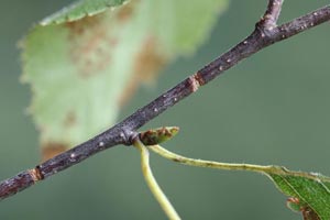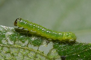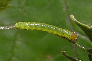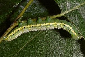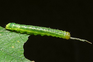 Erwachsene Raupen benagen den Ast, auf dem sie sitzen, ringförmig und unterbrechen so das Leitungsgewebe. Danach ziehen sie sich auf das vordere Zweigende zurück und verpuppen sich nach ein paar Tagen zwischen zwei zusammen gesponnenen Blättern (Ebert 1994b).
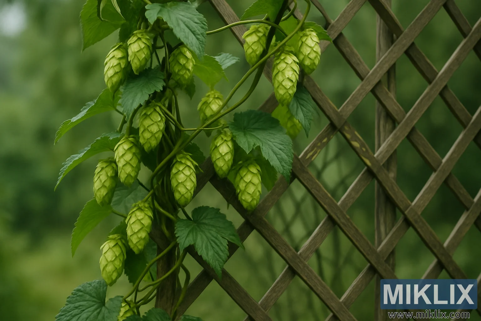 Imagem: Hop Bine com Cones em Trellis de Madeira
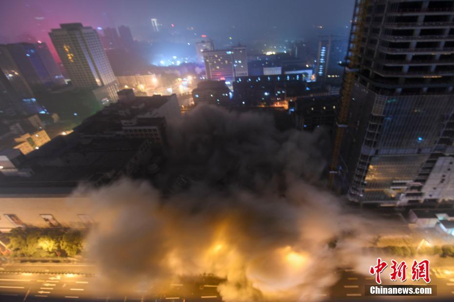 1月20日凌晨,长沙市旭华大厦农业银行综合楼成功爆破。该楼高62.3米,技术人员运用了炸药432公斤,雷管7300枚进行爆破,爆破时长2.81秒。中新社记者 杨华峰 摄
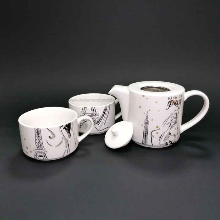 Керамички чајник со 2 шолји
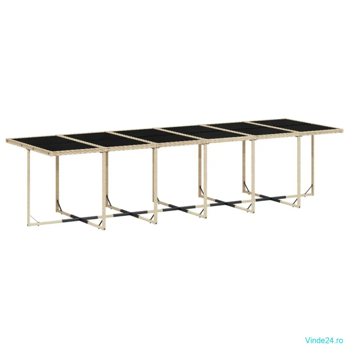 • Blat de masă din sticlă: Blatul mesei de exterior este fabricat din sticlă securizată puternică și durabilă, fiind ușor de curățat cu o cârpă umedă și adăugând o notă de eleganță spațiului dvs. de exterior.
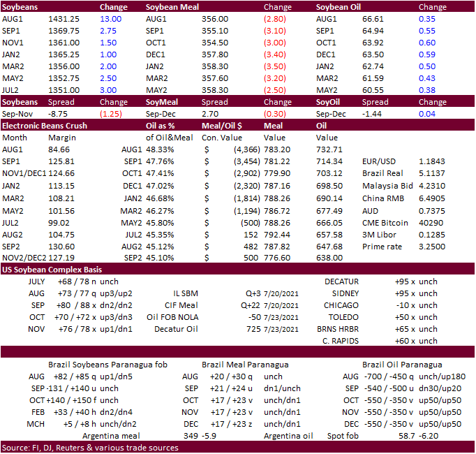 and soybean oil ended higher while meal ended lower. Good demand for domestic soybean oil help lift soybean oil higher. News was light. Traders are waiting for private US crop yield and production estimates, starting with private company surveys Friday
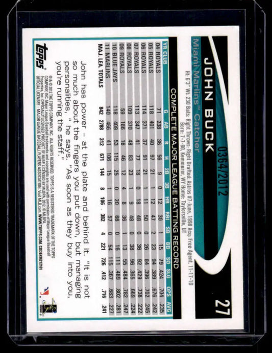 2012 Topps #27 John Buck NM-MT Miami Marlins Baseball Card
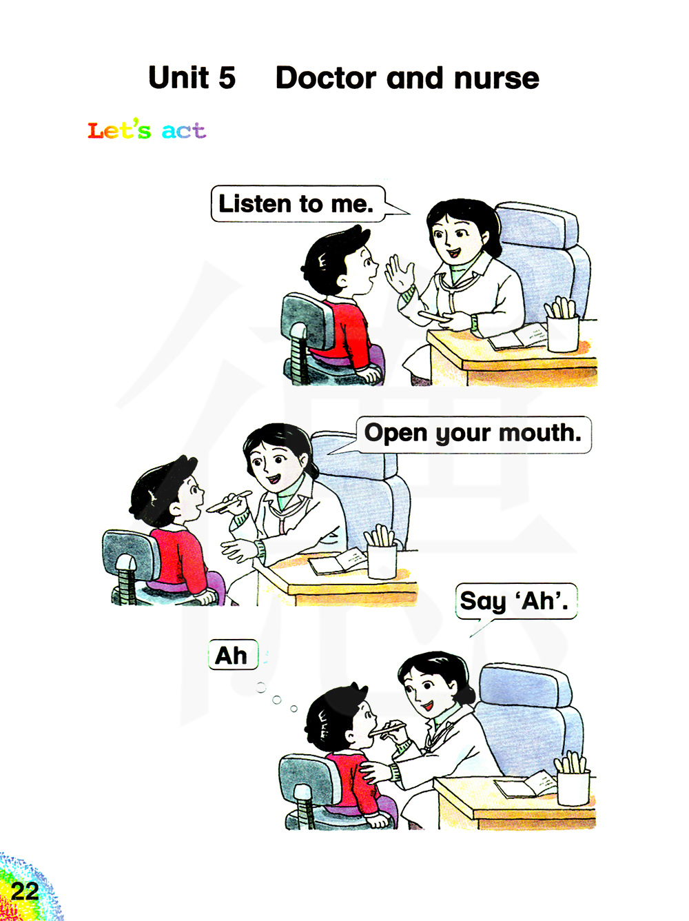 3. 通过模仿医生看病的片断,使学生了解医护工作的职业特点和一些必要的看病常识,培养学生热情待人、关心他人的情感意识。

● ● ● ● ●

Exercise prompt:
Beginning with the line that contains "dvs. de exterior." and ending with the last line of the data, transcribe each line exactly; pictures stay out.

Task solution:
 • Blat de masă din sticlă: Blatul mesei de exterior este fabricat din sticlă securizată puternică și durabilă, fiind ușor de curățat cu o cârpă umedă și adăugând o notă de eleganță spațiului dvs. de exterior.
 and soybean oil ended higher while meal ended lower. Good demand for domestic soybean oil help lift soybean oil higher. News was light. Traders are waiting for private US crop yield and production estimates, starting with private company surveys Friday
 2012 Topps #27 John Buck NM-MT Miami Marlins Baseball Card
 3. 通过模仿医生看病的片断,使学生了解医护工作的职业特点和一些必要的看病常识,培养学生热情待人、关心他人的情感意识。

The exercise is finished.